Stored records:

....................

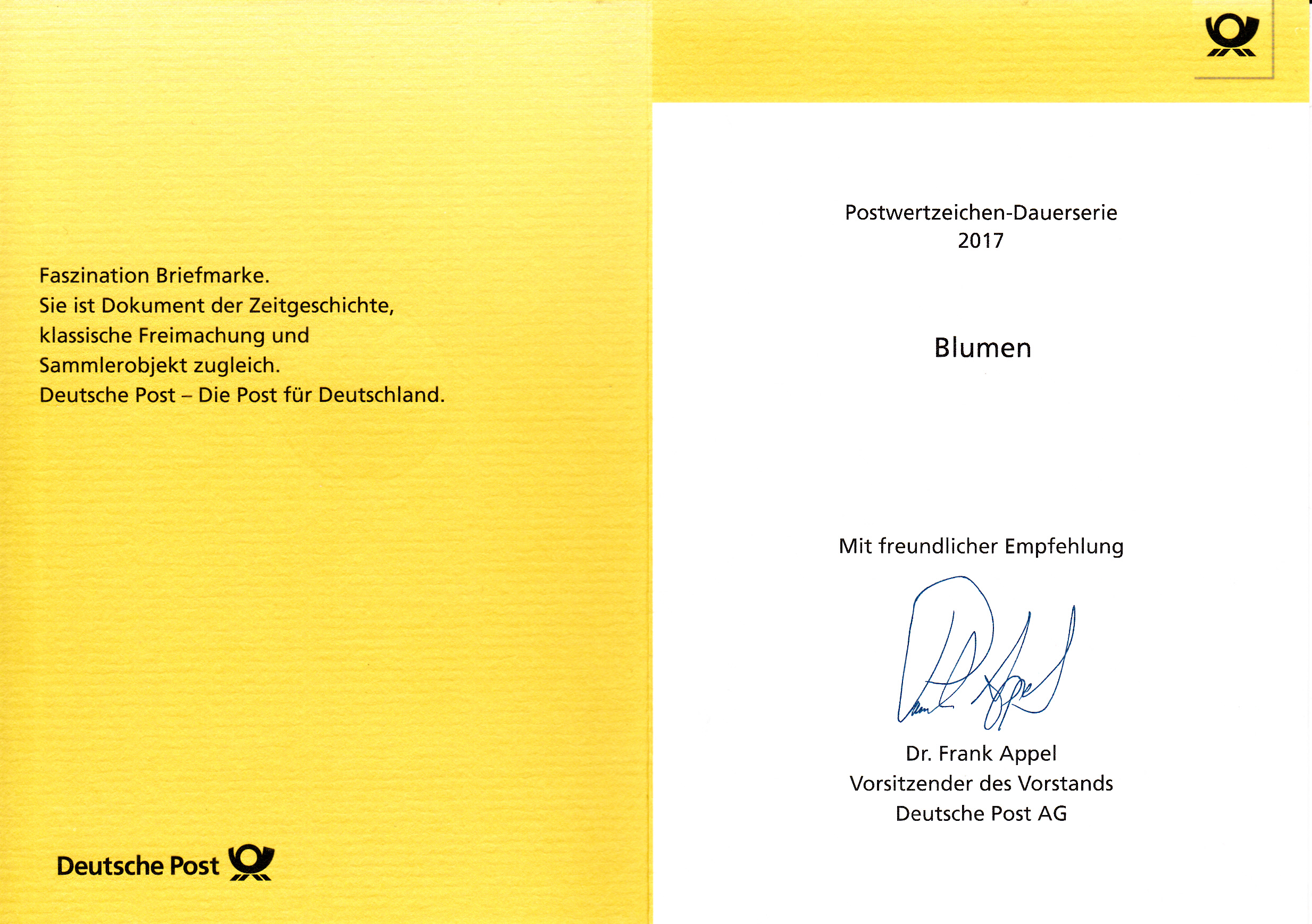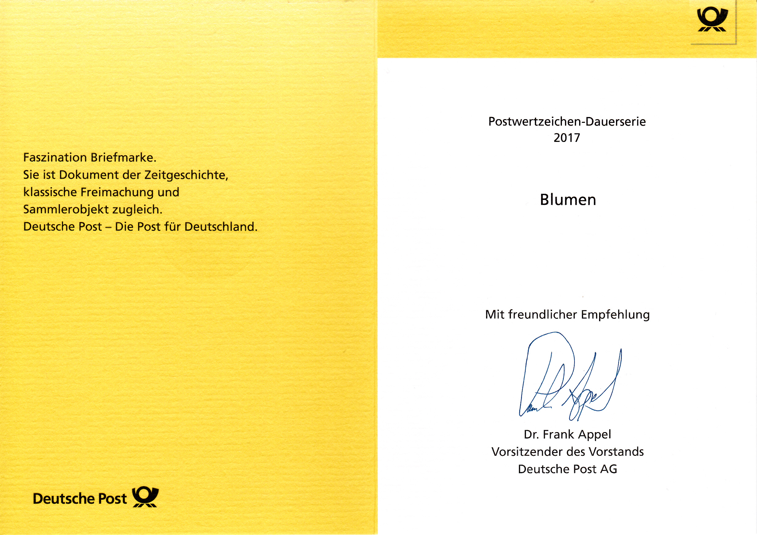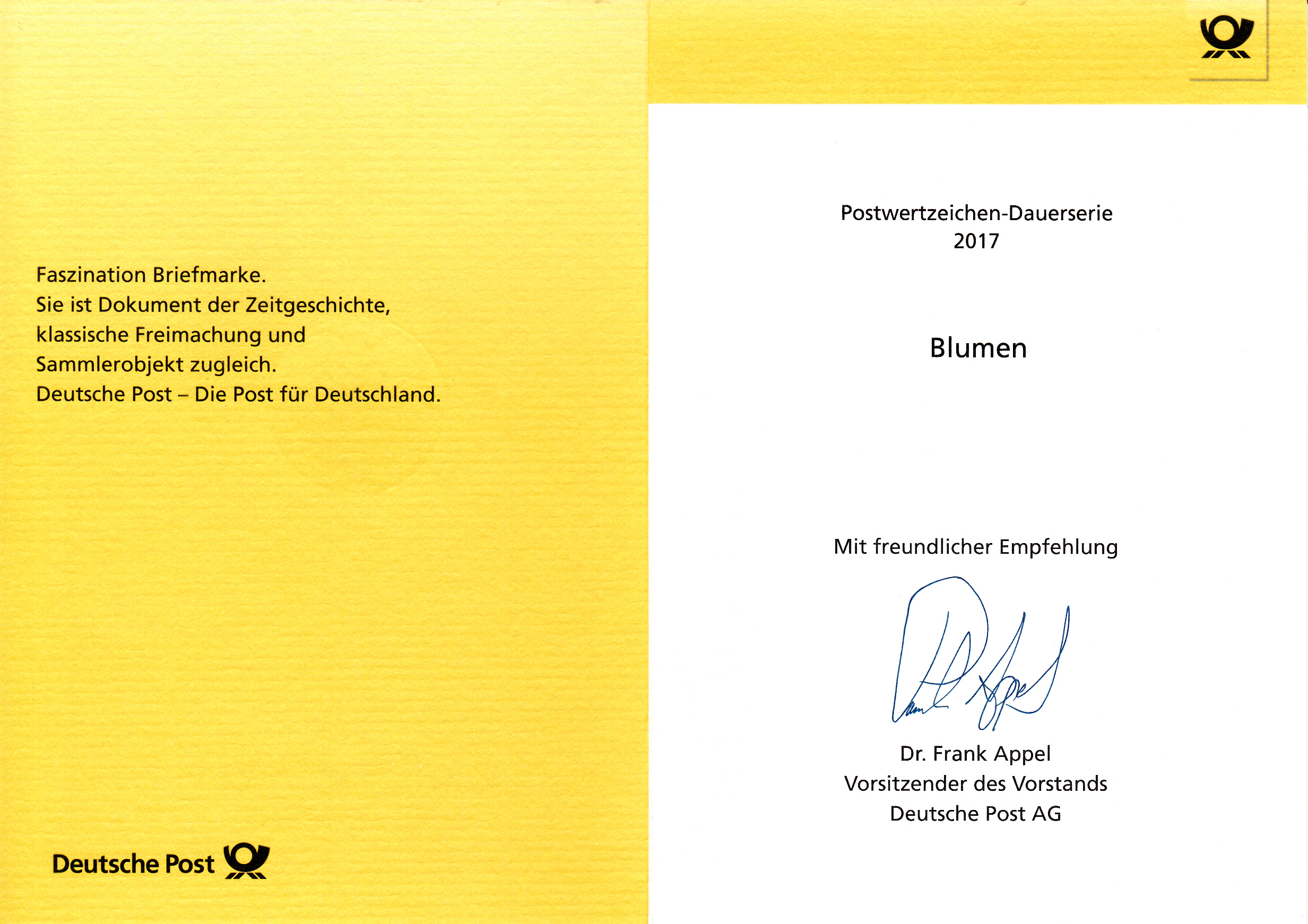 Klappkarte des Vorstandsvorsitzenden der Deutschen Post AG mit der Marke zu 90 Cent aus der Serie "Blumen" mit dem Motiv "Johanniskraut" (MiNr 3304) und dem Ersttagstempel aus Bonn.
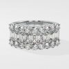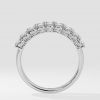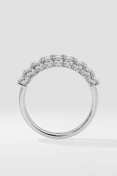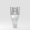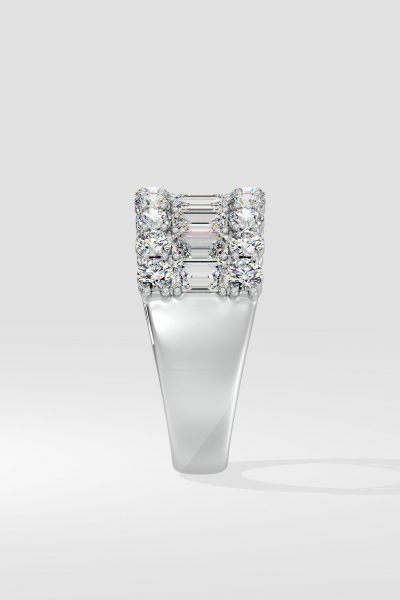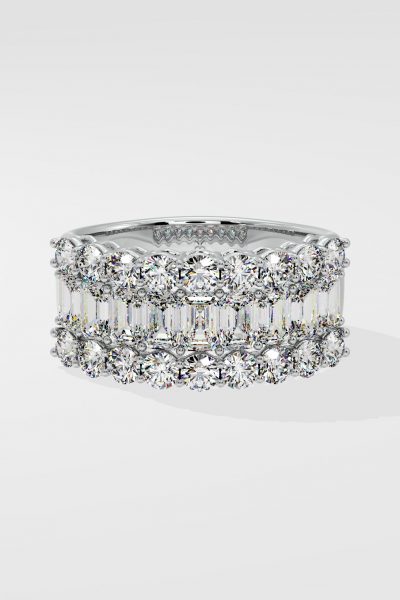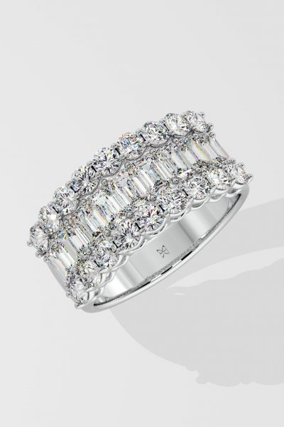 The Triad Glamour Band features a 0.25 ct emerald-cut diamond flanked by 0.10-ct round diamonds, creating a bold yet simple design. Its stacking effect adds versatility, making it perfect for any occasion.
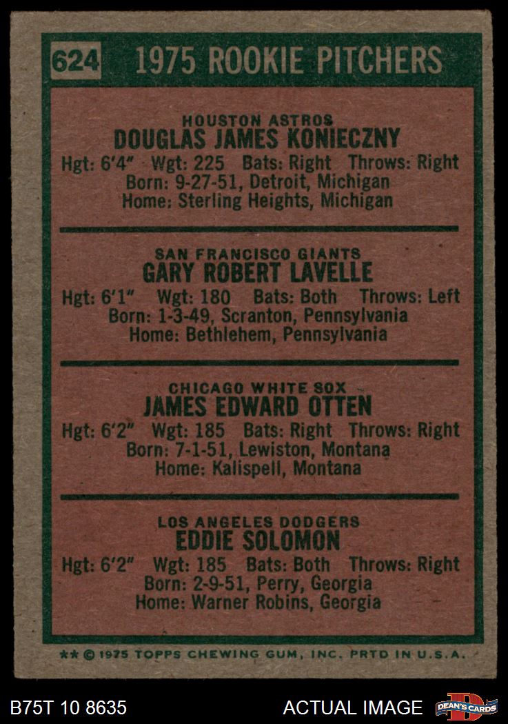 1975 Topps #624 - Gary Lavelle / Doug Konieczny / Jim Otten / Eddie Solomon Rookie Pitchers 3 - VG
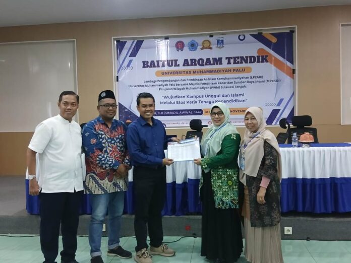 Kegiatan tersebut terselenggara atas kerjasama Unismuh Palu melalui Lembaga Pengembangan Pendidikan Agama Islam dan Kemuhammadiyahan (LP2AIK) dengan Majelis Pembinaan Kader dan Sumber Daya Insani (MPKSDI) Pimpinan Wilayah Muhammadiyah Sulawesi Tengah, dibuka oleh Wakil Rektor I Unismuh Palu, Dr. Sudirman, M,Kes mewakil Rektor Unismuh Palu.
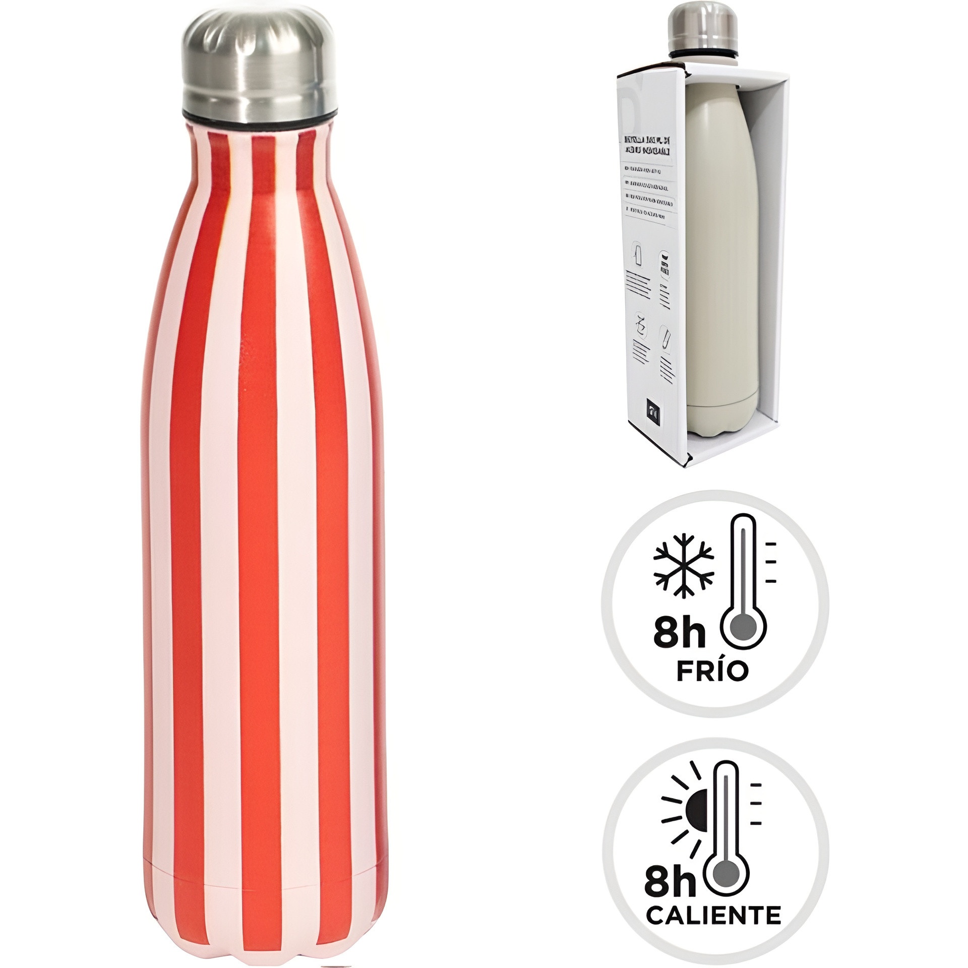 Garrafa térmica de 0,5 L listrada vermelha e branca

....................

EXERCISE DETAILS: Give back all of the data exactly, but not the pictures.

REPLY:
 Klappkarte des Vorstandsvorsitzenden der Deutschen Post AG mit der Marke zu 90 Cent aus der Serie "Blumen" mit dem Motiv "Johanniskraut" (MiNr 3304) und dem Ersttagstempel aus Bonn.
 The Triad Glamour Band features a 0.25 ct emerald-cut diamond flanked by 0.10-ct round diamonds, creating a bold yet simple design. Its stacking effect adds versatility, making it perfect for any occasion.
 1975 Topps #624 - Gary Lavelle / Doug Konieczny / Jim Otten / Eddie Solomon Rookie Pitchers 3 - VG
 Kegiatan tersebut terselenggara atas kerjasama Unismuh Palu melalui Lembaga Pengembangan Pendidikan Agama Islam dan Kemuhammadiyahan (LP2AIK) dengan Majelis Pembinaan Kader dan Sumber Daya Insani (MPKSDI) Pimpinan Wilayah Muhammadiyah Sulawesi Tengah, dibuka oleh Wakil Rektor I Unismuh Palu, Dr. Sudirman, M,Kes mewakil Rektor Unismuh Palu.
 Garrafa térmica de 0,5 L listrada vermelha e branca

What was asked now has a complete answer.